Paul Krugman, Professor of Economics at Princeton, summarizes what the passing of the Waxman-Markey bill would mean to Americans in a short NPR interview. He explains how it will help us take into account the cost of global warming into the economy, providing incentives to change how we produce and consume energy (see my article on externalities for more on this). He says that the overall number of jobs will remain about the same, but the mix of jobs will be different. Krugman says he would bet his Nobel prize that the climate bill would not cost Americans much financially (he says serious studies conclude it would cost most families less than the value of a postage stamp per day), but was not willing to bet his Nobel prize that the bill would save the world, explaining that it may not be enough. In fact, some members of Congress opposed the bill because they felt it was not aggressive enough. Several environmental groups, including Greenpeace, also oppose the bill for the same reason.
How does all of this relate to design? While many exciting technologies are emerging that help us use less energy and produce it more sustainably, these technologies only make it to market if they make economic sense. To invest in a new renewable energy project, for example, a business case must be made. If we include the true, long-term costs of fossil fuel derived energy, some renewable energy sources are clearly the right choice. While many engineers and others are concerned about sustainability and interested in energy efficiency and renewable energy, this concern is not enough to produce the large-scale shift to sustainability we need. We need to create an economic environment that supports substantial, continued investment that will accelerate the development and deployment of clean energy technology.

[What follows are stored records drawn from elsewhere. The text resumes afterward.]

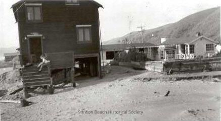 Two-story wooden house on the beach at end of Calle del Pinos (#24) circa 1939. There are wooden stairs on the left going up to a door. A person is sitting on the top of the stairs. To the right of the house is another one-story white house (#20) with a flat wood fence surrounding it.Collection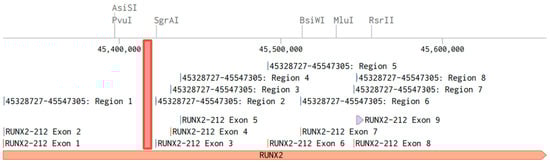 Structure of the RUNX2 gene; the investigated DNA section is highlighted in red. The screenshot taken from the benchling.com web platform. GRCh38 human genome assembly.
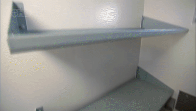 最后再吊上床铺,接上马桶,装上防切割窗,灯具等等。因为犯人们一年有365天可以用来想出破坏方法,所以一切东西都要非常坚硬,非常牢固。
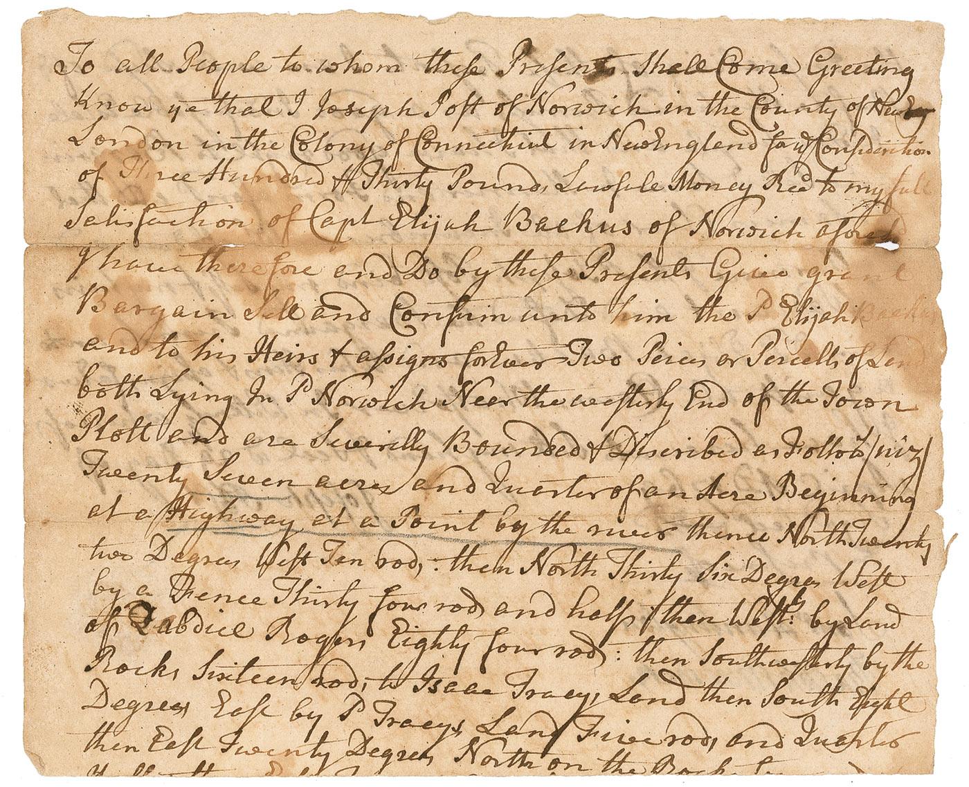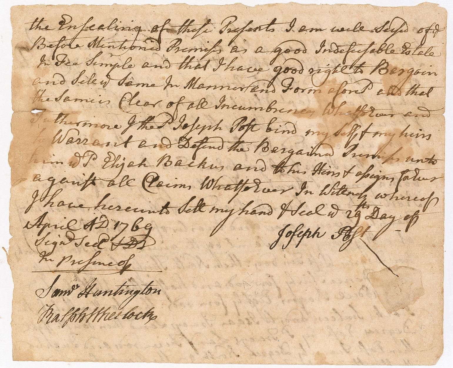 Signer of the Declaration of Independence from Connecticut (1731–1796) and seventh President of the Continental Congress. Partial manuscript DS, signed “Saml. Huntington,” one page both sides, 7.5 x 6, April 29, 1769. Partial document regarding the sale of 27 acres of land, signed by Joseph Ross, and signed in the lower left by Huntington as a witness. In very good condition, with scattered toning, intersecting folds, a few small areas of ink erosion, and a rough top edge. Pre-certified John Reznikoff/PSA/DNA and RRAuction COA.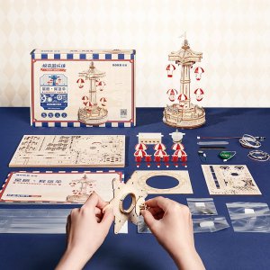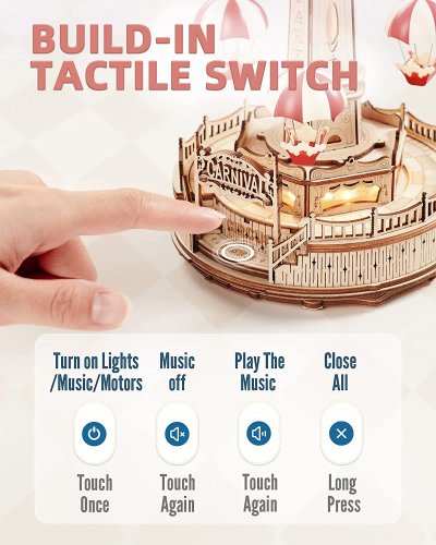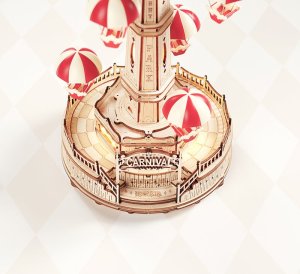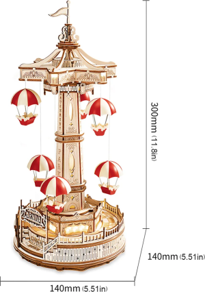 Se světly a hudbou, ovládání dotykovým senzorem (hudbu lze vypnout). Sedačky s padáčky se pohybují nahoru a dolů. Řada působivých detailů. Spousta hodin zábavy při skládání s kouzlem mechanických převodů. Laserem předřezané dílky z kvalitní lipové překližky pro stavbu svépomocí. Rozvíjí technické myšlení, představivost, cit pro detail a jemnou motoriku. Přehledný obrázkový návod krok za krokem, včetně QR kódů pro zobrazení videonávodu. Překrásný dárek pro větší děti i dospělé, elegantní dekorace.
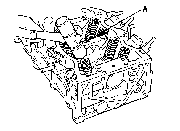 8. Lightly tap the end of each valve stem two or three times with a plastic mallet (A) to ensure proper seating of the valve and valve cotters. Tap the valve stem only along its axis so you do not bend the stem.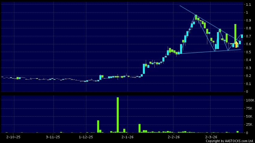 三角形向上突破是指股價的波幅漸漸收窄,在圖表上形成三角形般的狀態。股價在三角形的末端向上突破,形成上升趨勢,技術走勢向好。(港股報價延遲最少十五分鐘。)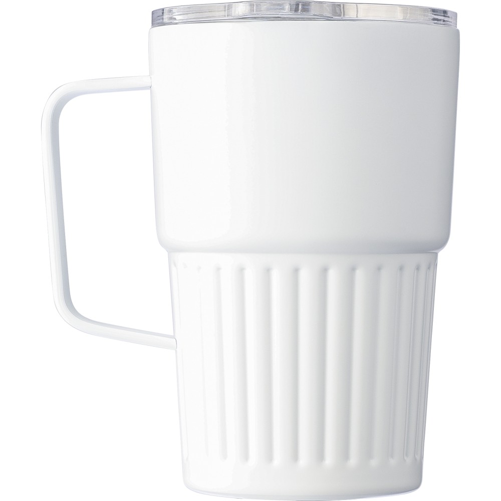Újrahasznosított rozsdamentes acél útibögre, 450 ml. A belső 304-es, a külső 201-es rozsdamentes acélból készült, bordás markolattal és masszív fogantyúval, műanyag, csúszózáras fedéllel. Gravírozott újrahasznosított logó található a bögrén. Csomagolása barna papírdoboz. Emblémázás: Bögredekor, Gravírozás

I hear many folks talking about what individual choices they can make to reduce their carbon footprint or live more responsibly. I hear support for wind and solar energy. Consumers are starting to consider ‘greenness’ in purchasing decisions. But oft times there seems to be a disconnect when it comes to making collective choices that will bring about substantial change, much more than what individual choices will procure. We need to shift our collective support from status quo energy systems to new energy strategies that will carry us (and the natural world) through successfully for generations to come. The innovative spirit and talent is there, waiting to rise to the challenge. It will lie relatively dormant until citizens make the clarion call for strong incentives and bold policy that will empower engineers and others to accelerate the metamorphosis of our energy, transportation, and agricultural systems.
Waxman-Markey is not ideal. It may not be enough. But perhaps it will give Americans a taste of the exciting progress that can be made when we focus and guide our efforts in the right direction. Perhaps after this first taste we will be willing to move beyond this first step.